This is an AI translated post.
Apple's OpenELM / MS's Phi-3 / Meta's Llama 3 Released
- Writing language: Korean
- •
- Base country: All countries
- •
- Information Technology
Select Language
Summarized by durumis AI
- Major tech companies such as Apple, Microsoft, and Meta are causing significant changes in the AI industry by recently releasing new large language models.
- Each company is showcasing differentiated models by reducing model size, optimizing data/algorithms, or enhancing contextual understanding.
- In particular, Apple's OpenELM is designed to be suitable for small devices, and Meta's Llama 3 exhibits excellent performance despite its small size thanks to its efficient model structure.

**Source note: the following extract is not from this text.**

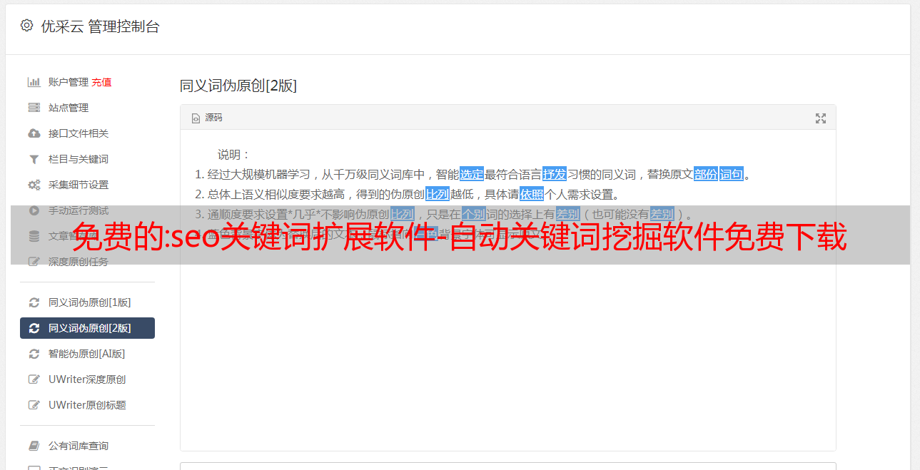优采云 发布时间: 2022-12-16 11:27免费的:seo关键词扩展软件-自动关键词挖掘软件免费下载

Recent Notable Releases of Large Language Models
In the past week, major tech giants such as Apple, Microsoft, and Meta have consecutively unveiled new large language models, causing a significant stir in the AI industry. Let's delve deeper into the key features and significance of these recently released models.
Apple's OpenELM
On April 25th, Apple unveiled its own OpenELM language model suite. It consists of four models of varying sizes: 0.27B, 0.45B, 1.08B, and 3.04B. Even the largest model only has 3 billion parameters, making it relatively small. Considering that most current large language models have at least 3 billion parameters, OpenELM is quite compact.
This is because Apple developed OpenELM with the intention of primarily using it on small devices. In the past, increasing the number of parameters was the main approach to achieving high performance, but recently, the trend has shifted towards miniaturization and lightweighting. Apple has also increased openness by releasing the entire package, including model weights, inference code, datasets, and frameworks.
MS's Phi-3 Series
Microsoft also first released the Phi-3 Mini model (3.8B parameters) on April 23rd, and plans to release the Phi-3 Small with 7B parameters and the Phi-3 Medium with 14B parameters in the future. Phi-3 Mini is an open model that anyone can use for commercial purposes free of charge. All new Phi-3 series models will be provided through MS's cloud service, Azure.
Meta's Llama 3
Meta (formerly Facebook) first released the 8B and 70B versions of the Llama 3 model on April 18th, and plans to release the larger 400B model in the summer. Particularly, the 8B model has been praised by the developer community for its outstanding performance despite its small size.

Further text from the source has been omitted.